Heather Weine Brochin is a partner at Day Pitney LLP and chair of the firm's Employment and Labor practice, representing employers in employment and employee benefits litigation and counseling them on day-to-day employment law matters. Gregory S. Tabakman is an associate at the firm representing employers in a broad spectrum of employment-related matters in state and federal courts, as well as before state and federal administrative agencies. The authors may be reached at hbrochin@daypitney.com and gtabakman@daypitney.com, respectively.

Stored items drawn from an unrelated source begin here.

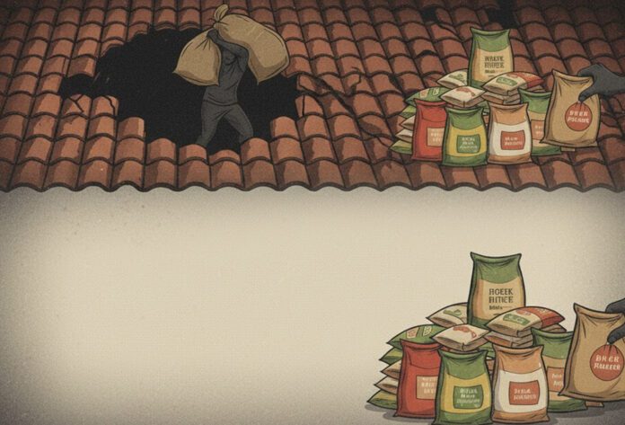 கூரை ஓடுகளை அகற்றி சுமார் 2 லட்சத்து 20ஆயிரம் ரூபா மதிப்புள்ள 55 உலர் உணவுப் பொருட்கள் அடங்கிய பொதிகள் யாரோ திருடியுள்ளதாக கிராம அலுவலர் நேற்று 27 ஆம் தேதி காவல்துறையில் புகார் அளித்தார்.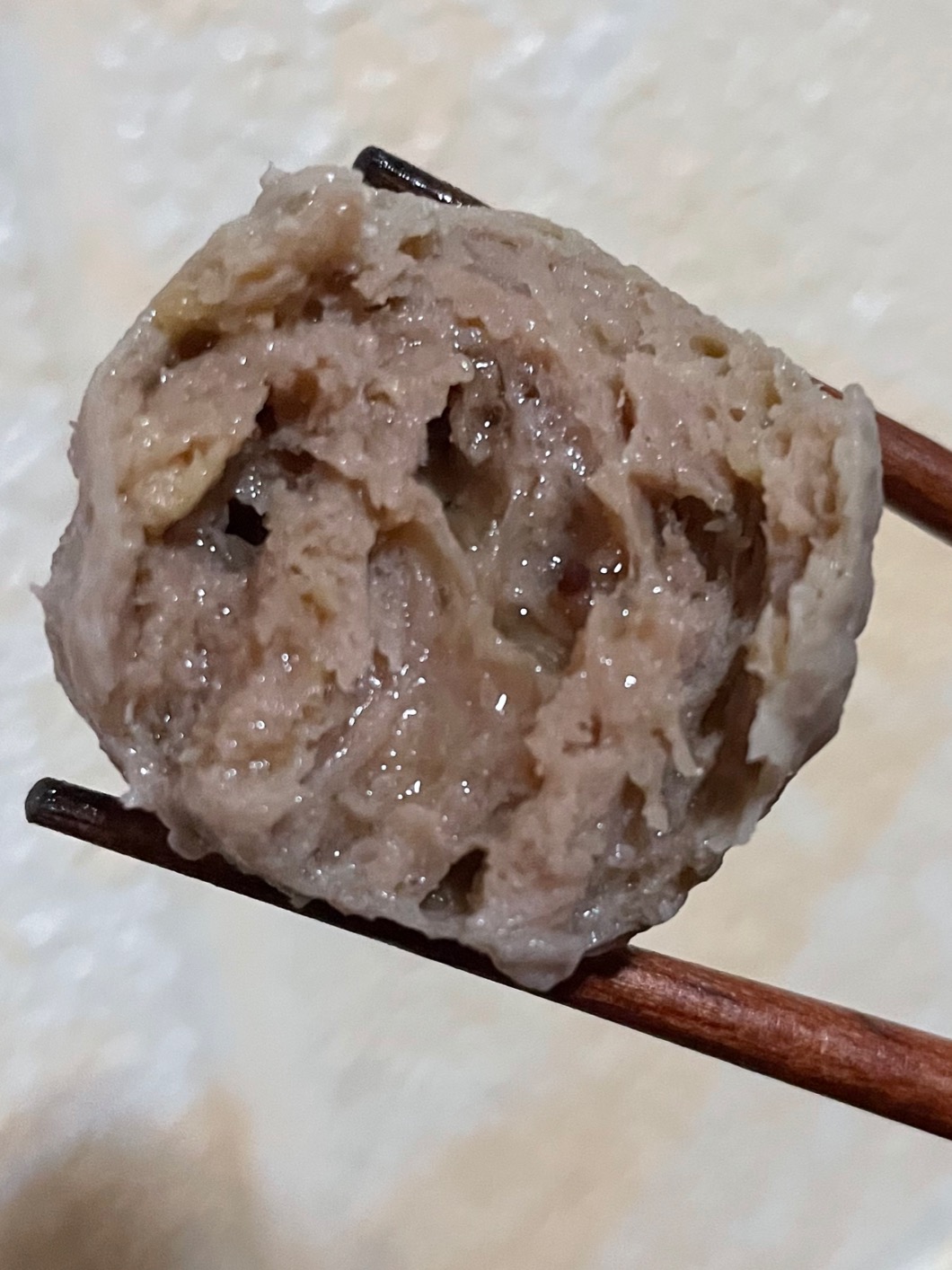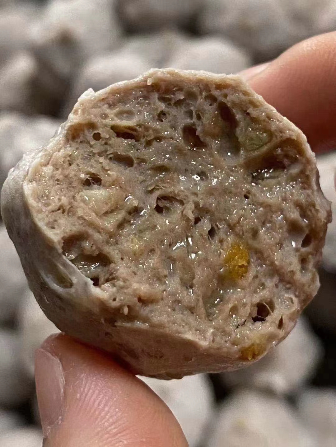 ②外地牛肉或水牛鲜肉,由于纤维度差一些,无添加的情况下,做出来的牛肉丸口感没那么Q弹爽口。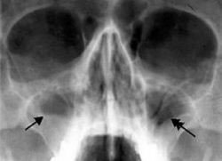 •    ančių (Waters) radiogramą (3 pav.) – matomas žievinio kaulo netekimas, ančio gleivinės sustorėjimas, ančio užtemimas (2, 3, 6).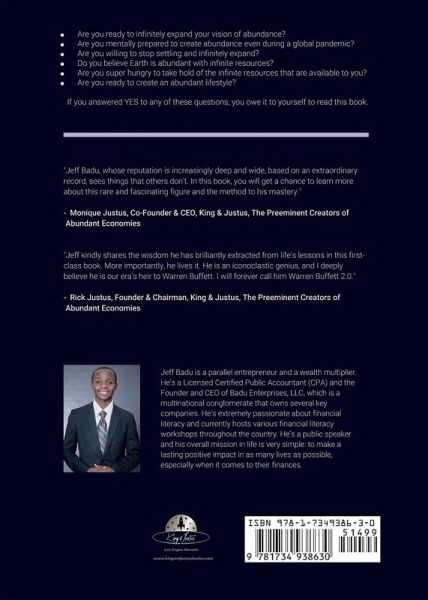 Do you believe Earth is abundant with infinite resources? Are you super hungry to take hold of the infinite resources that are available to you? Are you ready to create an abundant lifestyle? Are you ready to infinitely expand your vision of abundance? Are you mentally prepared to create abundance even during a global pandemic? Are you willing to stop settling and infinitely expand? If you answered YES to any of these questions, you owe it to yourself and your future to read this book. Everyone has their own profound purpose in life, and Jeff Badu would say that his real purpose is helping people take a resource that already exists in order to create an abundant lifestyle. In this book, what you'll find are twelve steps to ultimately create the abundant lifestyle you desire. You can be as great as you want if only you say you can. About the Author: Jeff Badu is a parallel entrepreneur and a wealth multiplier. He's a Licensed Certified Public Accountant (CPA) and the Founder and CEO of Badu Enterprises, LLC, which is a multinational conglomerate that owns several key companies. Jeff has a passion for helping people minimize their tax liability and ultimately, multiplying their money by investing it and building multi-generational wealth.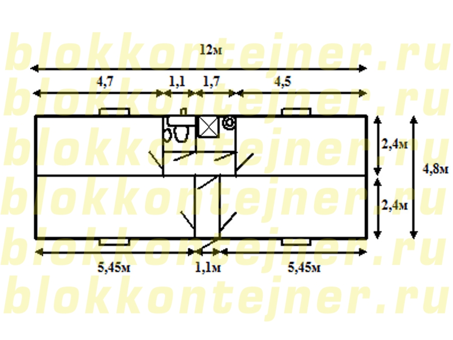 Модульное здание 12*4,8*2,5 м.-1шт.,  состоит из 2-х  БК  12,0*2,4*2,5 м.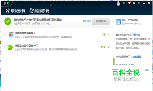 和上面一样,需要进行高危漏洞界面才能卸载不掉,执行方法: 主界面-查杀修复-漏洞补丁-高危漏洞。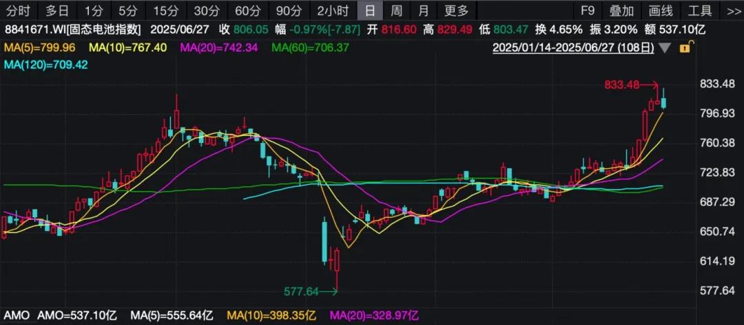 復盤來看,去年以來,A股市場固態電池板塊已走出4波大行情,最新一輪起始于“關稅劫”后的4月9日,到6月26日盤中高點,固態電池指數最大漲幅已超過44%,大幅跑贏大盤同期12.79%的漲幅;加速拉升則在6月20日之后,多只概念股氣勢如虹,走出連板行情。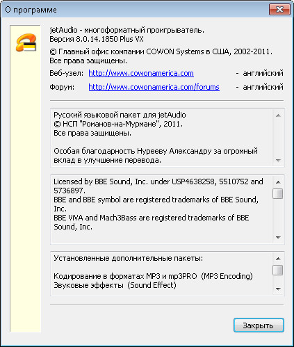 Скачать программу Cowon JetAudio 8.0.14.1850 Plus VX + Rus (41,12 МБ):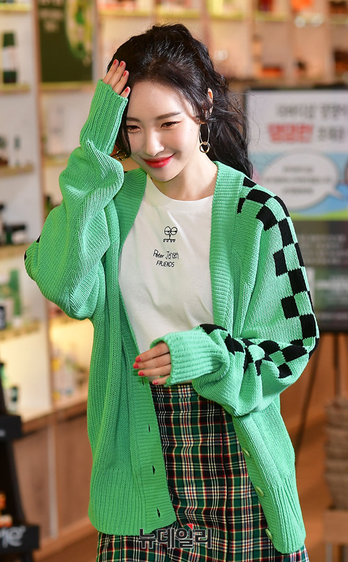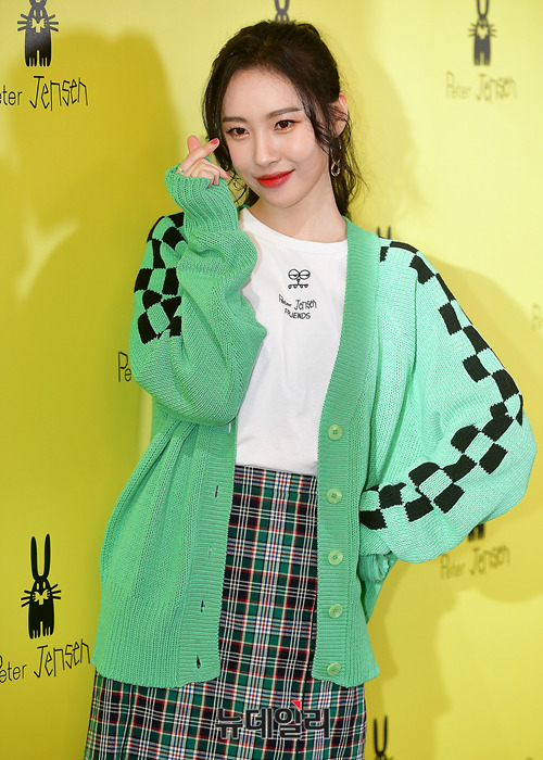 가수 선미가 13일 오전 서울 중구 명동 눈스퀘어점 1층에 오픈한 '피터 젠슨(Peter Jensen)' 매장을 방문해 포토타임을 갖고 있다.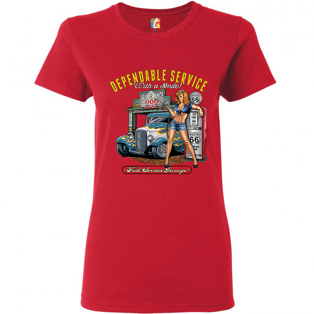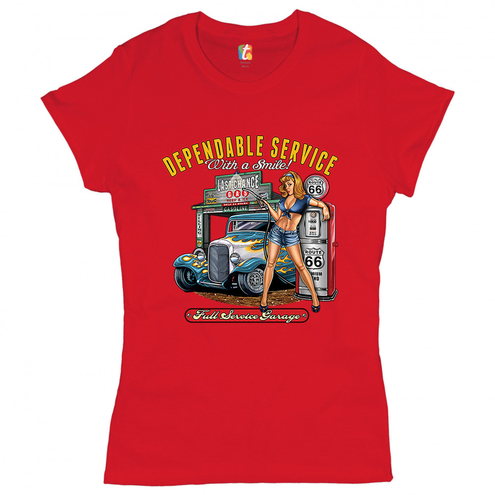 A print featuring a sexy pin-up girl standing by a gas pump with Route 66 signs on it. Behind her there is a garage with a hot rod parked at it. The print says: "Dependable Service With a Smile!" at the top and "Full Service Garage" at the bottom. A great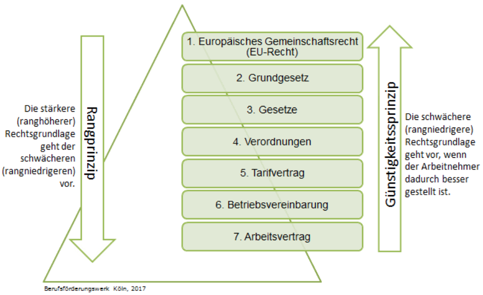 Im Arbeitsrecht gilt zunächst das Rangprinzip, d.h. dass ranghöhere Vorschriften gegenüber rangniedrigeren Vorschriften vorgehen. Eine Betriebsvereinbarung darf also z. B. nicht gegen eine Regelung des Tarifvertrags verstoßen.
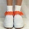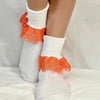 Whether you're dressing up for Halloween or showing off team pride at a tailgate, the BLOSSOM lace cuff socks offer a distinctive look that sets them apart from typical socks. The intricate lace trim adds a feminine and vintage-inspired edge, while the soft white base ensures comfort all day long. These socks are not just an accessory but a statement piece designed to enhance your outfit with a handcrafted touch.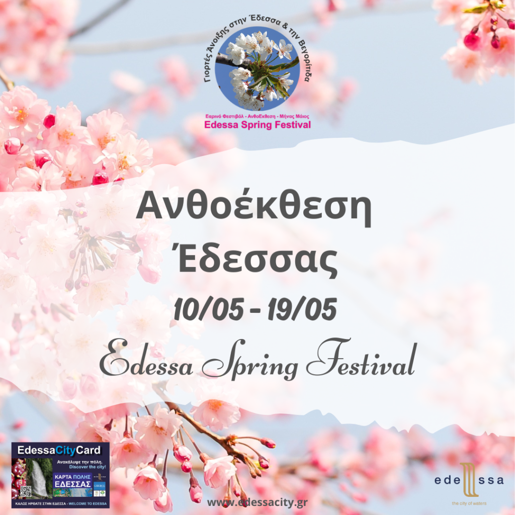 Η Άνοιξη στην Έδεσσα με τις ανθισμένες κερασιές είναι μοναδική και την έχει αποτυπώσει ο Μενέλαος Λουντέμης ως το σκαλοπάτι όπου πατά ο θεός για να ανέβει στον ουρανό. Η Άνοιξη της Έδεσσας γιορτάζει. Με σήμα την ανθισμένη κερασιά το Εαρινό φεστιβάλ μουσικής, η Ανθοέκθεση Έδεσσας και ο Εικαστικός Μήνας Μάιος συνθέτουν την πολύχρωμη πρόταση της Έδεσσας ανοιχτή για όλους τους επισκέπτες.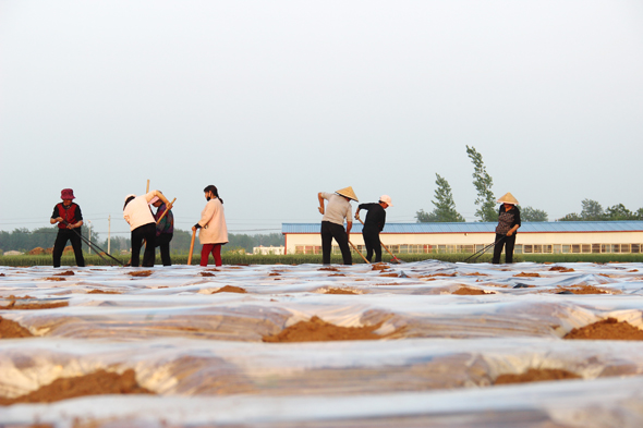 4月27日,留守婦女鐘點工在商水縣郝崗鎮(zhèn)東洄村劉雙翼的煙葉示范田中移栽、管理煙苗。郝崗鎮(zhèn)把煙葉生產(chǎn)作為扶貧產(chǎn)業(yè)來抓,在幫助種煙大戶流轉(zhuǎn)土地的同時,推廣優(yōu)質(zhì)品種栽植、節(jié)水灌溉新技術(shù),提高煙葉品質(zhì),增加煙農(nóng)收入。
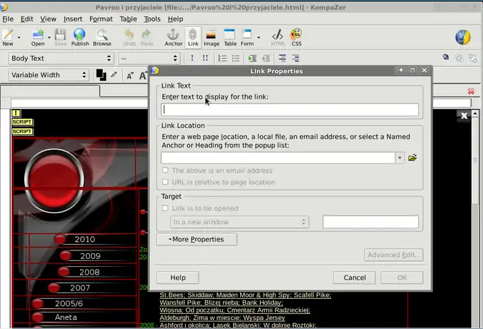 3. And open extracted template with KompoZer clicking on "Open" icon.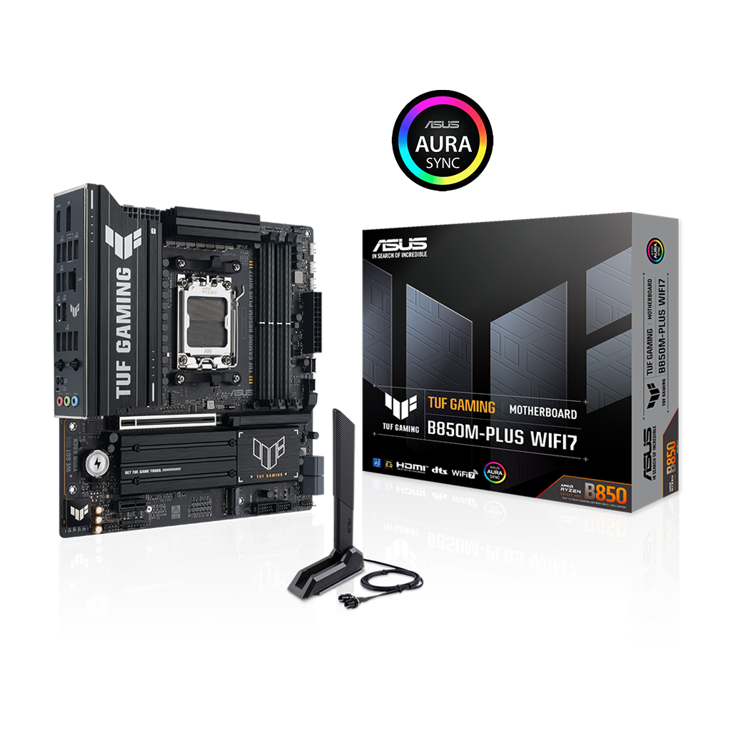 ASUS TUF GAMING B850M-PLUS WiFi tager alle de væsentlige elementer i de nyeste AMD Ryzen™-processorer og kombinerer dem med et væld af funktioner og dokumenteret holdbarhed. Dette bundkort er konstrueret med komponenter af militær kvalitet, en opgraderet strømløsning og et omfattende kølesystem og overgår forventningerne med en bundsolid og stabil ydelse.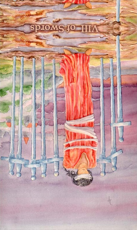 The 8 of Swords is about slowly regaining strength and energy. The 8 is an assignment number, and in the element of Swords it's a bit harder than usual.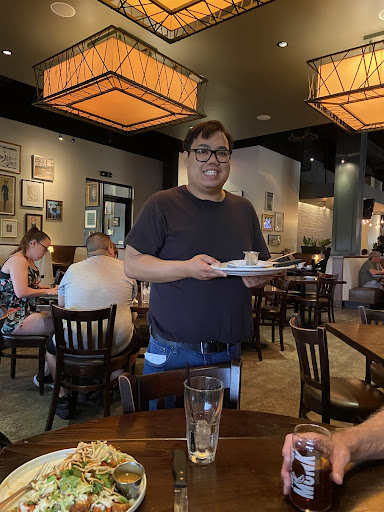 Read moreYou have to have a burger here! it will change your life! I was not expecting to eat burger at this place when I arrived, I was expecting to have a steak or maybe some pasta but the moment I asked our server what this place is known for he said "hands down our burgers." At that point I decide to ask him my favorite question, WHATS GOOD HERE? He pointed to the Smoke Daddy IPA BBQ burger. I accepted his recommendation and ordered some calamari to start. Walking in, this place looks fancy but once your sit down you get the feeling this place is super relaxed. My server was super easy to talk to and friendly, he had no problem giving advice and his suggestions on what to try. A friend and I sat near the bar area. My appetizer arrived in the right amount of time, it only took about 5 to 10 minutes and once they arrived we noticed that they looked bigger than your average calamari. We started to dig and noticed that the Calamari were lightly crispy on the outside and had the right amount of chew on the inside. Not rubbery at all, just right! We were impressed. There was enough Calamari for two people to share and not get full or be disappointed in the size. Then there was the burger. OMG I was not ready for the height and flavor from this dish. When the burger arrived it looked like it was made for a camera. The bacon strip were perfectly fried and where just hanging off the burger asking to be eaten first. The bund held everything together nicely and was the right amount of softness and crisp on the outside. Yes you will need to slice this burger in half before you take a bite and man does it look nice when you cut it open. I had my burger cooked to medium which was just right for me. There was plenty of flavor from the meat, cheese, bbq sauce, and that oh so good bacon. The Bacon is the start of this burger and wow was it good. The crispy onions added a nice crunch and brought the dish together. Sadly to say, the fries were lacking flavor. They needed a seasoning salt to really make them standout. With a power house of a burger the fries really needed something to standout. Once I salted them they were okay. My friend order a swiss burger with mushrooms and bacon and she loved every bite. In short the service is relaxed and fast. The Burgers are the best thing on the menu. And the French Fries needs improvement. So would I recommend this place? Yes, but you better invite me and have a burger...

Extension of Paid Voting Leave

New York State also amended its election law to provide all employees who are registered to vote up to three hours of paid leave, at the beginning or end of their workday, to vote in any election, as long as the request is made at least two days before the election. Previously, New York law required employers to provide only two hours of paid leave to vote under limited circumstances. In addition to providing the leave, at least 10 days before any election and until the polls close, employers must post (in a conspicuous area) a notice that sets forth the provisions of the voting leave law. 2

Expansion of "Race" Definition in New York State Human Rights Law

Effective July 12, Governor Cuomo signed into law amendments to the NYSHRL to make clear that the term "race" includes traits historically associated with race, including but not limited to hair texture and "protective hairstyles," which include, but are not limited to, braids, locks and twists. This change mirrors the guidance issued by the New York City Commission on Human Rights in February (discussed below). Employers should note hairstyle is but one example provided by the amendment, and "traits historically associated with race" may include other forms of expression or appearance closely associated with race or culture. Employers should be mindful of the bases for personnel decisions in the context of these new amendments and their potentially broader application. 3

Expansion of State's Equal Pay Law

Effective October 10 the statute that previously required employers to provide equal pay for equal work based on gender will expand its protections to employees of all "protected classes" (e.g., age, race, religion). There are exceptions (unchanged from the previous version of the law) permitting pay differentials based on seniority, merit, a system that measures quantity and/or quality of work, or a "bona fide" factor other than a protected characteristic, such as "education, training, or experience." 4

Prohibition on Requesting Previous Salary Information

Effective January 8, 2020, employers will be prohibited from

(1) Relying on salary history in establishing an applicant's wage rate;

(2) Asking an applicant or employee about their wage history as a condition of receiving an interview or continued employment;

(3) Asking an applicant or current employee's former employer about the individual's wage history; and

(4) Retaliating against an applicant or current employee based on his or her wage history because the individual did not provide his or her wage history or because the individual filed a complaint pursuant to the statute.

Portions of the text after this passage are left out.